I never did find the great-great-grandmother who was an Indian princess.
My family tree became a tangle of brambles in a bog.
Until I visited the famous National Museum in Nuremberg, Germany. And in a flash of recognition, there he was, Father. Charlemagne: King of the Franks, Slayer of the Infidels, the Great Liberator, son of Pippin the Short and Bertrade of Laon, Hobbit parents from the Shire, without a doubt.
The first of the Holy Roman Emperors stood before me in all his regal glory. The intelligent eyes with a glint of merriment, the furrowed brow, the aquiline nose, the suggestive dimples in the cheeks...the beard and long locks that I sported in my hippie days...He was me.

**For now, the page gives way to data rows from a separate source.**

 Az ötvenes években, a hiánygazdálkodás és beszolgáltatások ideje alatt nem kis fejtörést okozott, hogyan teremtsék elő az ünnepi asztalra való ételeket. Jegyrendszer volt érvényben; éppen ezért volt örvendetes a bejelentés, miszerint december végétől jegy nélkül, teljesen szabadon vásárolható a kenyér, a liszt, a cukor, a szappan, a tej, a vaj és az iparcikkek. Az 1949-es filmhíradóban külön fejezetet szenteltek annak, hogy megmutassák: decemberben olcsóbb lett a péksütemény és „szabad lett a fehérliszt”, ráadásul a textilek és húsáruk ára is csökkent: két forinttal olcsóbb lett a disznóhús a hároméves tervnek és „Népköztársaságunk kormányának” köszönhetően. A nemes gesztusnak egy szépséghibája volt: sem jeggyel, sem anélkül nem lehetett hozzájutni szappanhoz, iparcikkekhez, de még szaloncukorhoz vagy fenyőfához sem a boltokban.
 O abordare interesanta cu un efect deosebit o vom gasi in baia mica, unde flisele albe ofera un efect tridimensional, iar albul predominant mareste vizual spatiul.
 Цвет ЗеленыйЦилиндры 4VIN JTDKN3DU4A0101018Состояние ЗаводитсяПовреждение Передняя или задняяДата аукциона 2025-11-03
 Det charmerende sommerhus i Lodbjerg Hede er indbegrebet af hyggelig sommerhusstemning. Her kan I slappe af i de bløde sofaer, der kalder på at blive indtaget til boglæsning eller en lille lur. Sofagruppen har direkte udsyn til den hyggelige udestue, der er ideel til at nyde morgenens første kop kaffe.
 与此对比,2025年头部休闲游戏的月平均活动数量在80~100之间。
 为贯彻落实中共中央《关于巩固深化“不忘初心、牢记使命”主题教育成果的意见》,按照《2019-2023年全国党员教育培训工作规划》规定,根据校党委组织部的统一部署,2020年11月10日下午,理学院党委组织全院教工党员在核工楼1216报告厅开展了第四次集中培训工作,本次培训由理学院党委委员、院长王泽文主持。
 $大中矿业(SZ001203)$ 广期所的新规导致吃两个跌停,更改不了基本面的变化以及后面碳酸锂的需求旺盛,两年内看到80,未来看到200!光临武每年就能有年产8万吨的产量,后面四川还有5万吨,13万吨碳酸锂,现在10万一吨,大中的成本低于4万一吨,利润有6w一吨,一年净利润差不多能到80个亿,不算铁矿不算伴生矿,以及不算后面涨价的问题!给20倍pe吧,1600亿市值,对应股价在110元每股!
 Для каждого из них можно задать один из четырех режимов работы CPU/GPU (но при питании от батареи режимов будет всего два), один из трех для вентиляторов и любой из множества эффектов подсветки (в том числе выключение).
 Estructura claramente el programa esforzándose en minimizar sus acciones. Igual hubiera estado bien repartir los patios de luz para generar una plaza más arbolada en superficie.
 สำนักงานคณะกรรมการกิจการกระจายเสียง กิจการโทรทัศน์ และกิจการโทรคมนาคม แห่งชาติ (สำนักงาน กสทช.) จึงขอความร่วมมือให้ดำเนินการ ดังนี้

Oh sure, it was over a thousand years ago and forty generations removed, but sometimes one has a feeling...
I have just completed a literary consultation with Adam David Rutherford, the famous British geneticist, and author of A Brief History of Everyone Who Ever Lived. He has confirmed that I am the direct descendant of Drogo of Metz, son of Charlemagne.
But just yesterday, my wife observed that I sometimes project a magnificent Mongolian aura.